→ **TASK DIRECTIONS**:
Only the lines from the one with "Każdy z posiłków" through the last line of the data below are to be duplicated, exactly and without pictures.

(Extracted records)
================

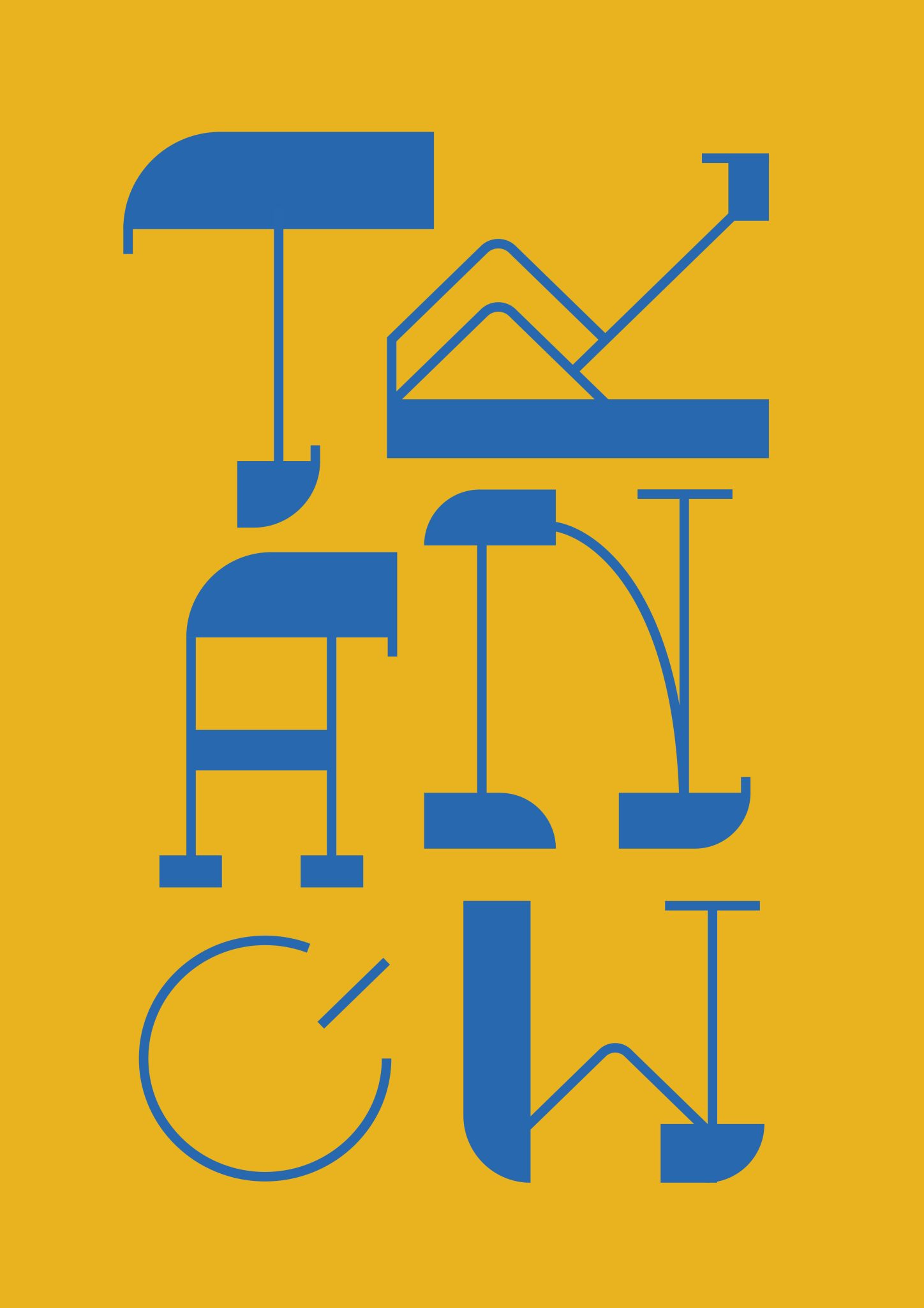 W tym plakacie chciałam pokazać surowość i prostotę formy. Skupiłam się na mocnych kształtach liter i ich ciężarze wizualnym, tak żeby całość była konkretna i trochę „twarda” w odbiorze. Zależało mi na tym, żeby plakat bardziej się oglądało i czuło niż czytało, a forma sama budowała charakter pracy – tak swój plakat opisuje Katarzyna Panek.
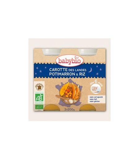 Babybio Petits Pots Bonne Nuit Carotte Potimarron Riz Bio 6 mois 2 x 200 g ...
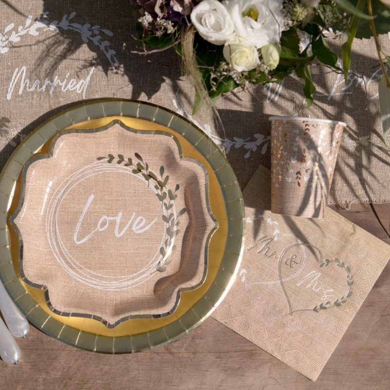 Zachovajte preto tento prírodný štýl pri vytváraní svadobných dekorácií tým, že pridáte doplnky z dreva, vrecoviny alebo kraftu.
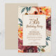 Elegant burgundy and orange watercolor floral with gold glitter on a tan 75th birthday party invitation. Contact us for help with customisation or to request matching products.
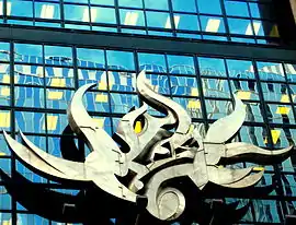 The Metcalfe Federal Building's lobby on the left at the intersection of Jackson and Clark contains another larger than life statue. Frank Stella has created a whole series of Moby Dick related abstract sculptures; this one is named after a specific chapter, The Town-Ho's Story. It's a terrific mess of 13,000 lbs. of steel and aluminum. The link to Melville's novel is not very clear, but the sculpture is impressive and purposefully abrasive.
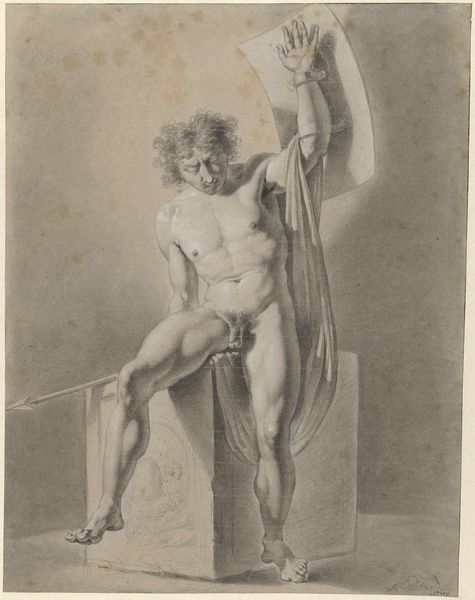 Curator: This drawing, housed here at the Harvard Art Museums, is by Washington Allston and presents a "Rear View of a Standing Nude Male with Sword and Staff." Editor: It’s arresting, this stark figure; the visible process, the slightly rough paper... there's a certain vulnerability to it. Curator: Allston, active in the early 19th century, was deeply influenced by the European masters. This sketch reveals an interest in classical forms, typical of academic art. Editor: The material itself--the graphite on paper--speaks volumes about artistic labor and the act of sketching as preparation, a far cry from the finished, idealized paintings of the time. Curator: Precisely. Allston's drawing offers a glimpse into the artistic process, and the figure's pose hints at allegorical or historical narratives popular during his time. Editor: For me, it is more about raw physicality; the sword and staff are extensions of the body, tools perhaps, but also symbols of power and control wielded by the masculine form. Curator: It underscores how the male nude has historically served as a vehicle for exploring ideals of beauty, strength, and even moral virtue, particularly within the context of Western art. Editor: Seeing the marks of creation so clearly really changes how we interpret the image itself. It brings an immediacy to something that could otherwise feel quite remote.
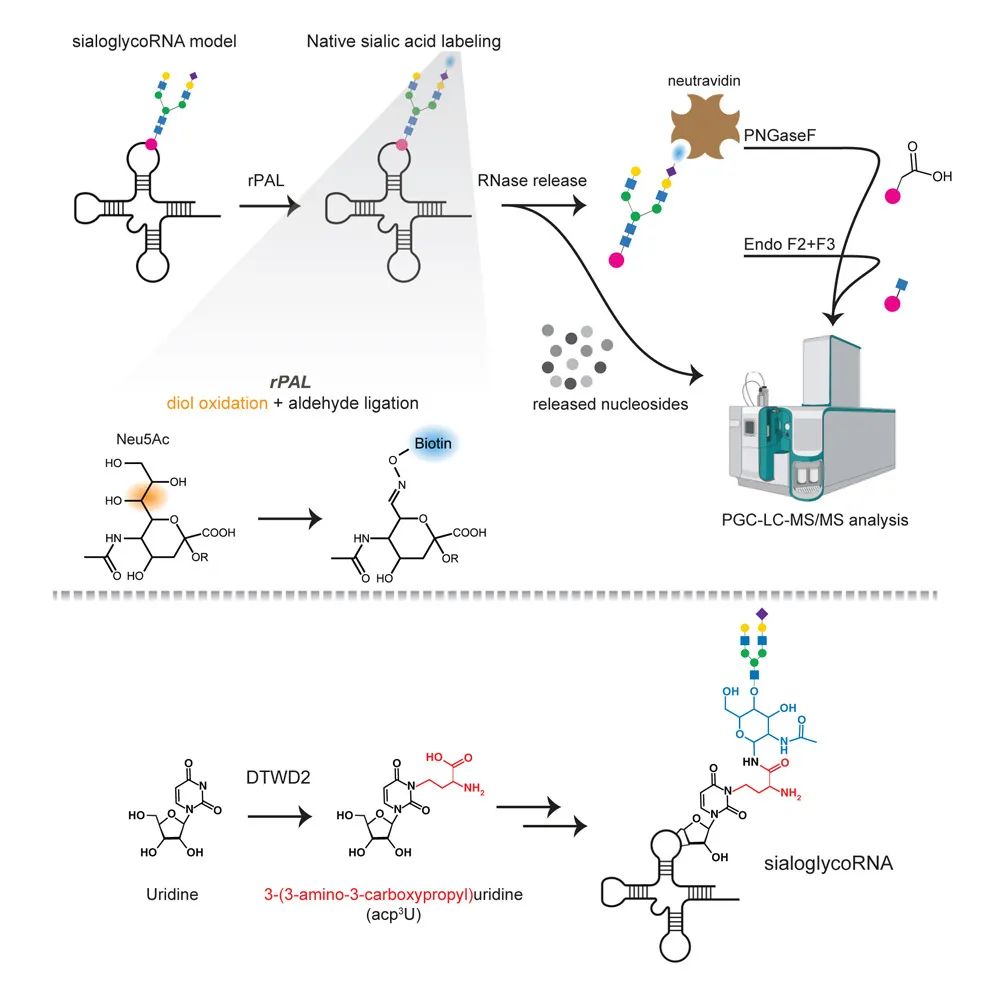 糖基化 (Glycosylation) 是生物分子最普遍、最重要的修饰之一,这些修饰在细胞识别、信号传导、蛋白质折叠和稳定性以及免疫反应等生物过程中发挥关键作用【1】。已知的糖基化生物分子主要包括蛋白质和脂质。在一次偶然的实验中,斯坦福大学诺贝尔化学奖得主Carolyn Bertozzi的博士后Ryan Flynn发现,唾液酸的非天然分子SiaNAz (叠氮化唾液酸) 竟然可以通过细胞自身的代谢途径标记RNA分子。后续通过一系列的研究,题为Small RNAs are modified with N-glycans and displayed on the surface of living cells的论文于2021年在Cell上正式发表,这是科学家们首次意识到糖基化RNA存在的可能【2】。在此之后,关于RNA糖基化的标记、监测及生物功能的研究逐渐在各大期刊上发表。然而,很多科学家对糖RNA分子的存在存疑,其中一个至关重要的信息一直未被解析:RNA如何与N-聚糖连接在一起?这一信息对于验证糖RNA分子的真实存在以及后续研究糖RNA分子的合成途径和生物功能都不可或缺。然而,由于糖RNA分子含量极低(预计在总体RNA分子中的含量低于0.001%),依赖传统手段获取这一关键信息极其困难。
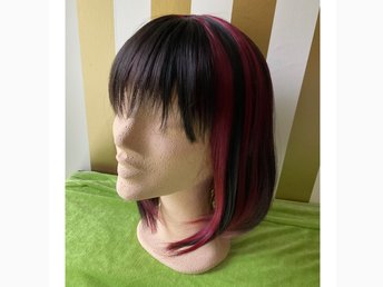 NY! Läcker svart peruk med röda slingor, inkl perukstock, maskerad, Halloween
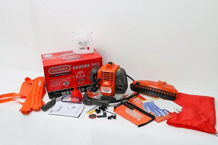 - Máy cắt cỏ 2 thì OSHIMA 543 1.65KW cam xám sản xuất trên công nghệ hiện đại của Nhật Bản tiết kiệm nhiên liệu.
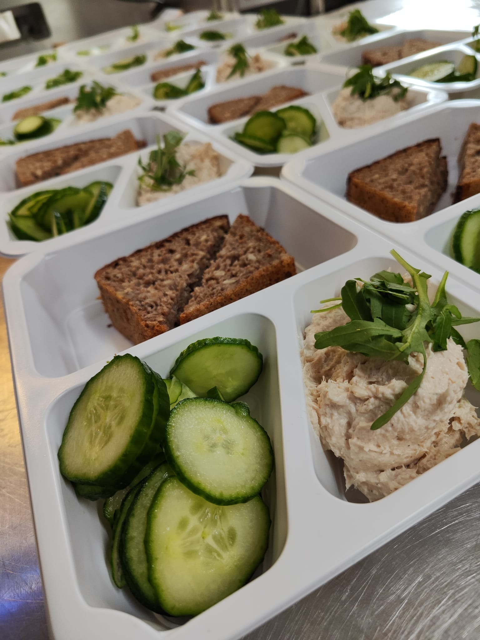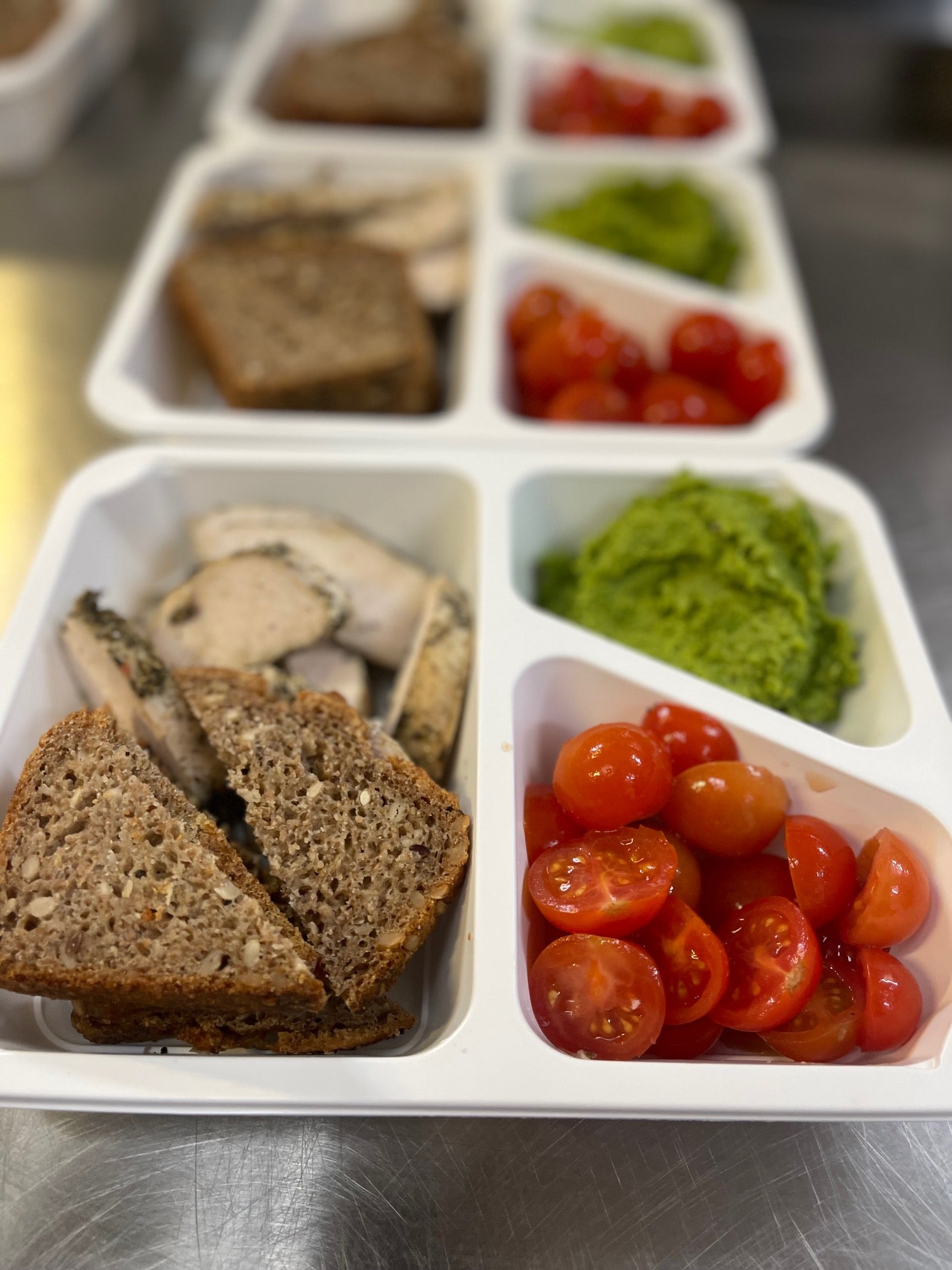 Każdy z posiłków ma wypisaną kaloryczność, skład oraz makro na naklejce.
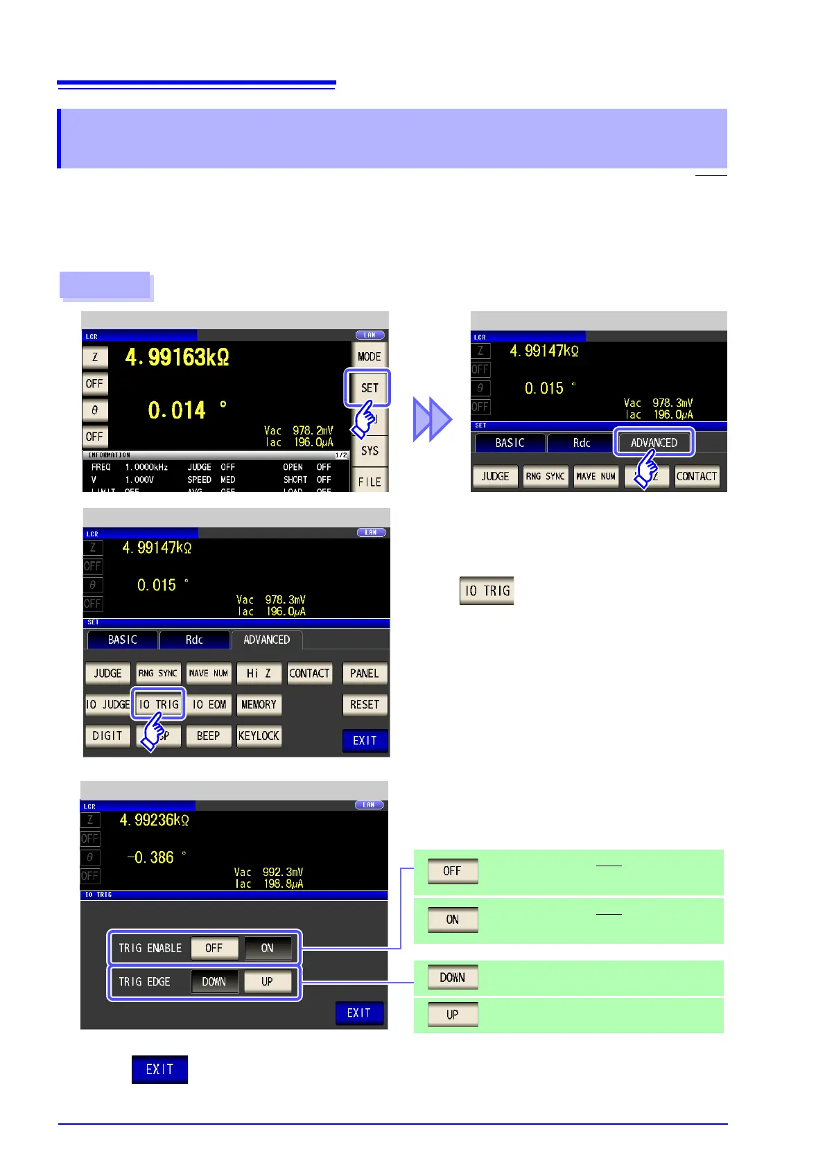 abling trigger input during measurement. Furthermore, you can also select either the rising edge or falling
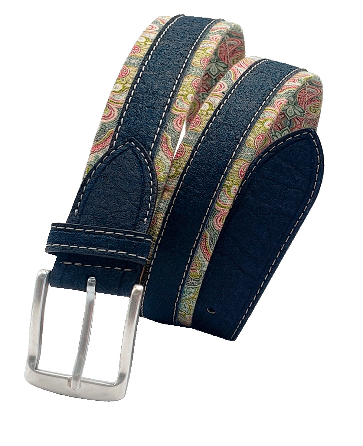 Presentamos el cinturón CACHEMIREco, un modelo clásico al estilo Regimental en 35 mm que refleja nuestra promesa con un mundo más sostenible. Este cinturón está confeccionado con loneta de algodón con certificado GOTS, estampada con elementos Paisley vegetales originales en una agradable gama natural, que contrasta perfectamente con las piezas de Piñatex marino.

================

→ **ANSWER SPACE**:
 Każdy z posiłków ma wypisaną kaloryczność, skład oraz makro na naklejce.
 abling trigger input during measurement. Furthermore, you can also select either the rising edge or falling
 Presentamos el cinturón CACHEMIREco, un modelo clásico al estilo Regimental en 35 mm que refleja nuestra promesa con un mundo más sostenible. Este cinturón está confeccionado con loneta de algodón con certificado GOTS, estampada con elementos Paisley vegetales originales en una agradable gama natural, que contrasta perfectamente con las piezas de Piñatex marino.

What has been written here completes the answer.